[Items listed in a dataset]
+ + +
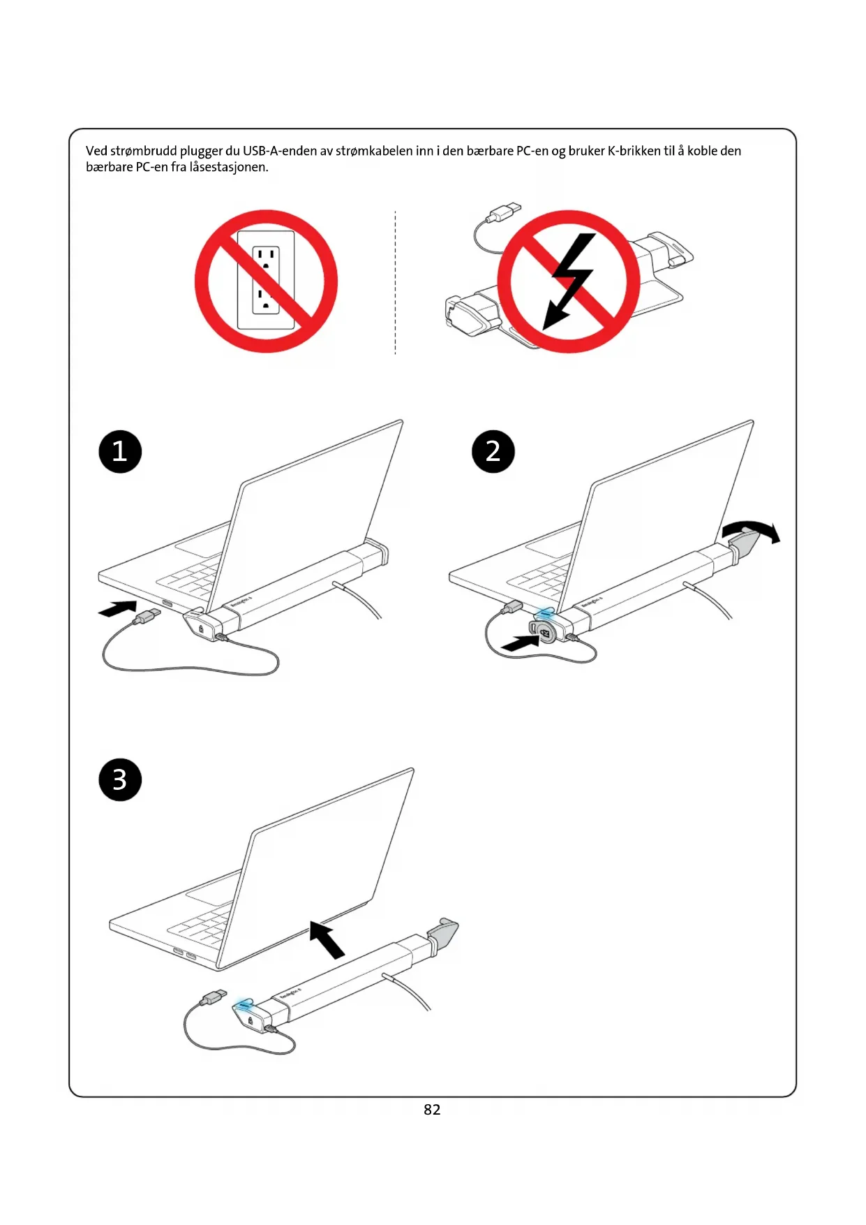 Ved strømbrudd plugger du USB-A-enden av strømkabelen inn i den bærbare PC-en og bruker K-brikken til Å koble den bærbare PC-en fra låsestasjonen.
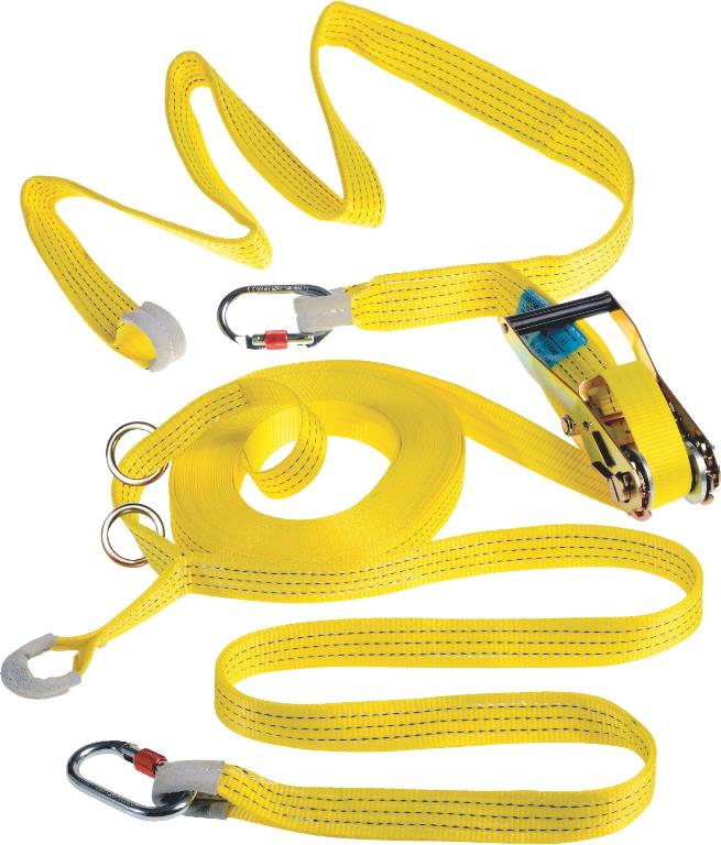 Linea di vita temporanea in cinghia da 2 a 20 metri, che consente di far lavorare in sicurezza 2 utenti contemporaneamente, molto facile da installare grazie al suo cricchetto.
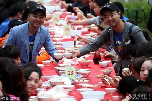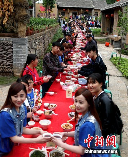 Chiếc bàn tiệc được thiết kế và sắp xếp theo hình con rồng màu đỏ, nối dài hàng kilomet.
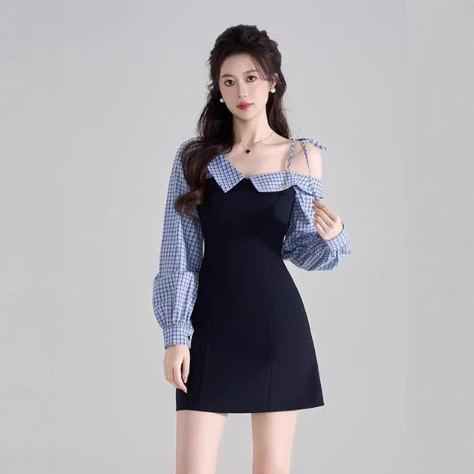 Kemeja Kotak-kotak Jahitan Bergaya Premium Model Sama dengan Selebriti Internet Model Baru Musim Semi dan Musim Panas Rok Terusan Bahu Terbuka Pakaian Wanita Ramping Ukuran Besar
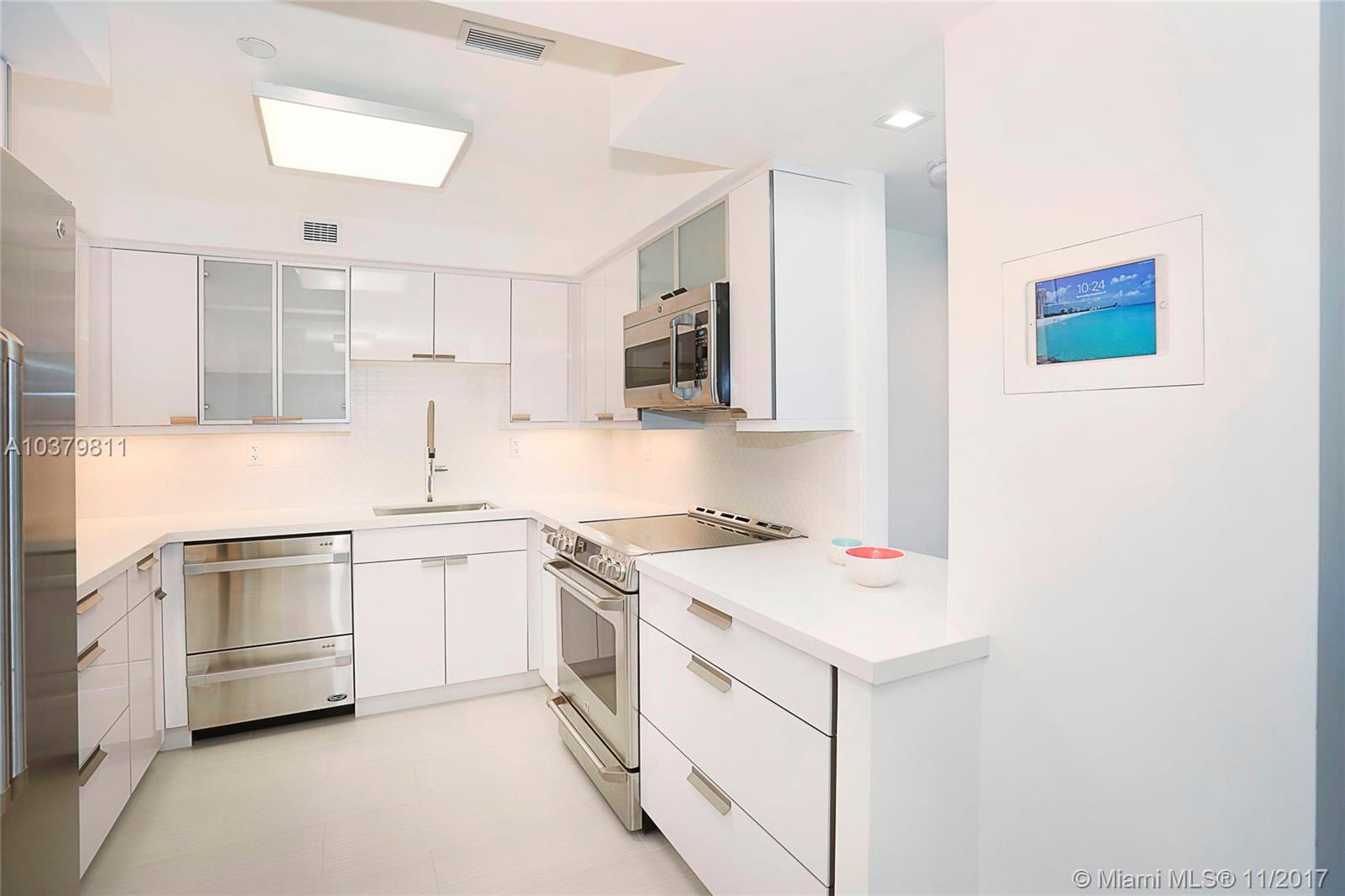 Luxury 2 bed/2bth with balcony offers resort living in the Roney Palace. Views across Biscayne Bay to Miami skyline and magnificent sunsets. The property completed a comprehensive face lift in 2017 and now boasts world class amenities. Apartment remodel with highest level finishes completed late 2017 includes top of the line upgrades. Home automation system accessible via an app on any smartphone allows you to control the thermostat and light switches from anywhere. Wall integrated IPad controls all lights, thermostat and access to the Web. Dual window treatments are automated with remotes. Carrara Arabescato marble throughout in both bathrooms. All electrical outlets with USB power output. New plumbing water lines throughout apartment, porcelain glazed floors. Partially furnished.
+ + +
→ **Directions for this task**: If a line comes after the line with "Chiếc bàn tiệc", it stays out; print exactly every line from the start of the entries up to and including that line, but no pictures.

→ **Written reply**:
 Ved strømbrudd plugger du USB-A-enden av strømkabelen inn i den bærbare PC-en og bruker K-brikken til Å koble den bærbare PC-en fra låsestasjonen.
 Linea di vita temporanea in cinghia da 2 a 20 metri, che consente di far lavorare in sicurezza 2 utenti contemporaneamente, molto facile da installare grazie al suo cricchetto.
 Chiếc bàn tiệc được thiết kế và sắp xếp theo hình con rồng màu đỏ, nối dài hàng kilomet.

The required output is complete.